One of my co-workers is being sucked into my project more than planned, because he's far more familiar with the temperamental nature of a key piece of the software infrastructure. And he's had a slog of it, not made any easier by the fact that he has to wait anywhere from several minutes to an hour to discover that the latest round of typed incantations has not appeased the software in question.
He showed me the results of a significant breakthrough he'd made today. "You're awesome," I said in appreciation of his doggedness.
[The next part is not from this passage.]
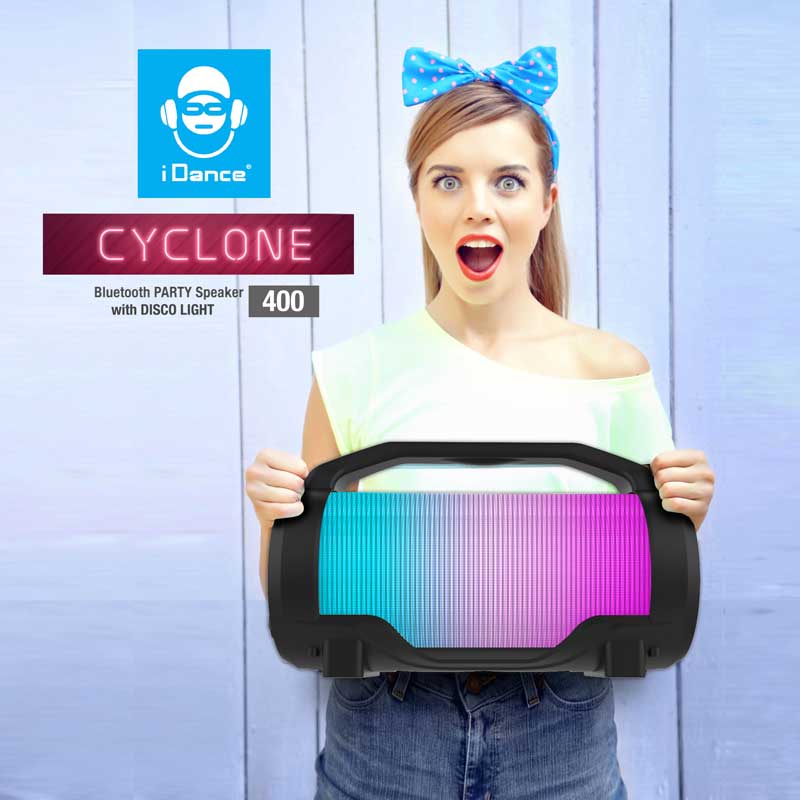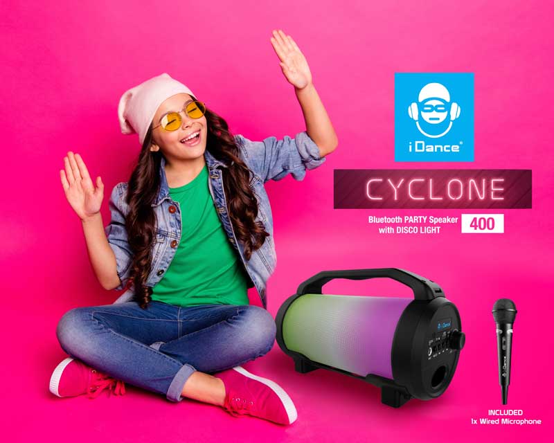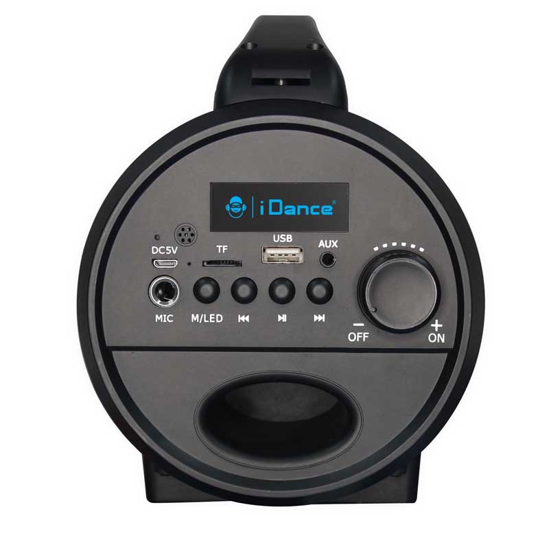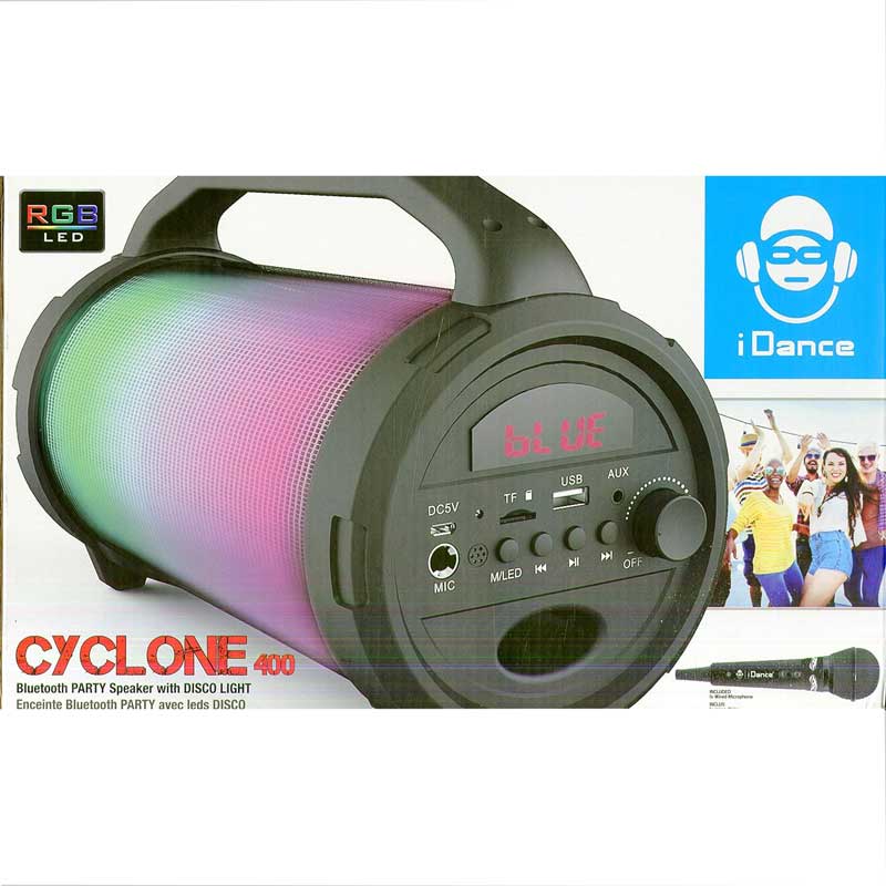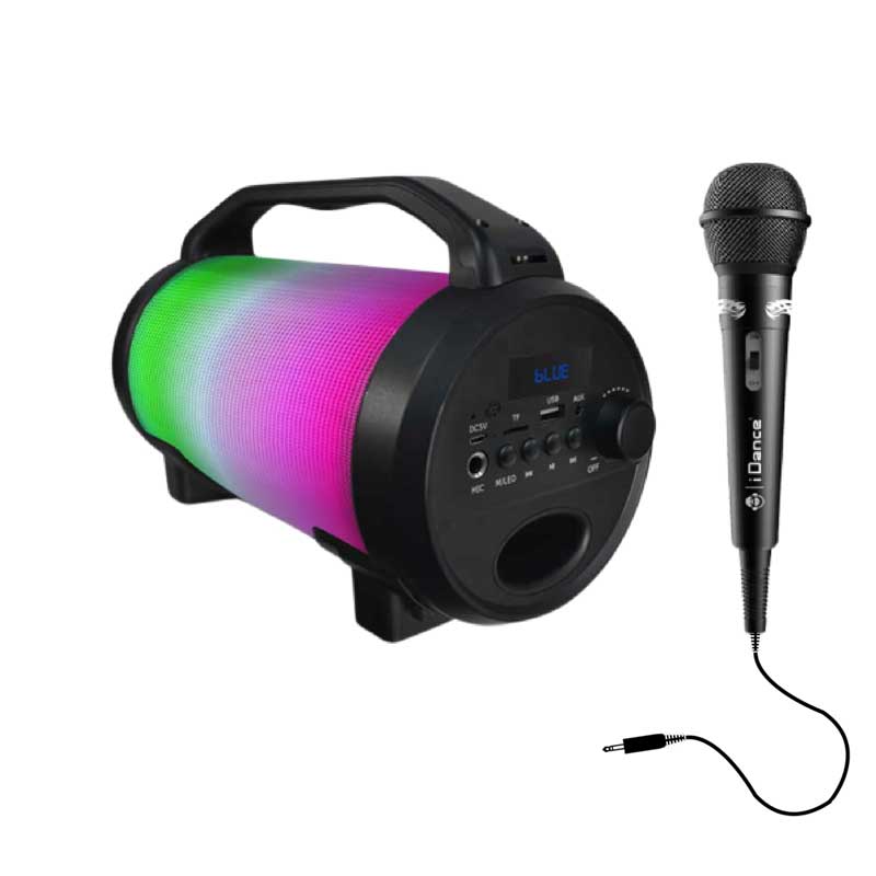 Сега е моментът да бъдеш звезда с караоке тонколона iDance! Комплектът включва черна тонколона със светлини, USB кабел и микрофон за всяко парти. Удобна и лесно преносима, тя се свързва с Bluetooth връзка към твоя телефон, таблет или компютър. Тонколоната свети в различни LED светлини, според жанра и бийта, с отлично представяне на звука. Батерията има дълго време на възпроизвеждане, а зареждането ѝ става чрез USB портал. Бутоните и жаковете са позиционирани отстрани за по-добра ефективност и комфорт. С 360° стерео звук, преносимата тонколонка е перфектният начин да носиш купона навсякъде със себе си, а микрофонът ще запечата всички караоке моменти с твоите приятели.

Alas, he's not the kind of guy who takes praise well, and immediately started to verbally sidle away from it. "Oh, just shut up and be awesome!" I said, half-laughing with exasperation at this quirk of his.
Come to think of it, it's not a bad antidote to the SXSWi hype this week, with all the launch parties of near-identical apps (fueled by booth babes and free booze). Maybe it's just me, but I'm starting to feel that fin de siecle malaise born of the sense of too many hipster software companies mistaking the zeitgeist (read, narcissism with GPS) for The Next Big Thing. Which, if my gut is correct, means that deep down the hipsters know it too, and much of the noise is them talking themselves out of that.
Or maybe I'm just older and crankier than usual today. That being said, I'd still appreciate some shut-up-and-be-awesome from the zeitgeist. kthxbi.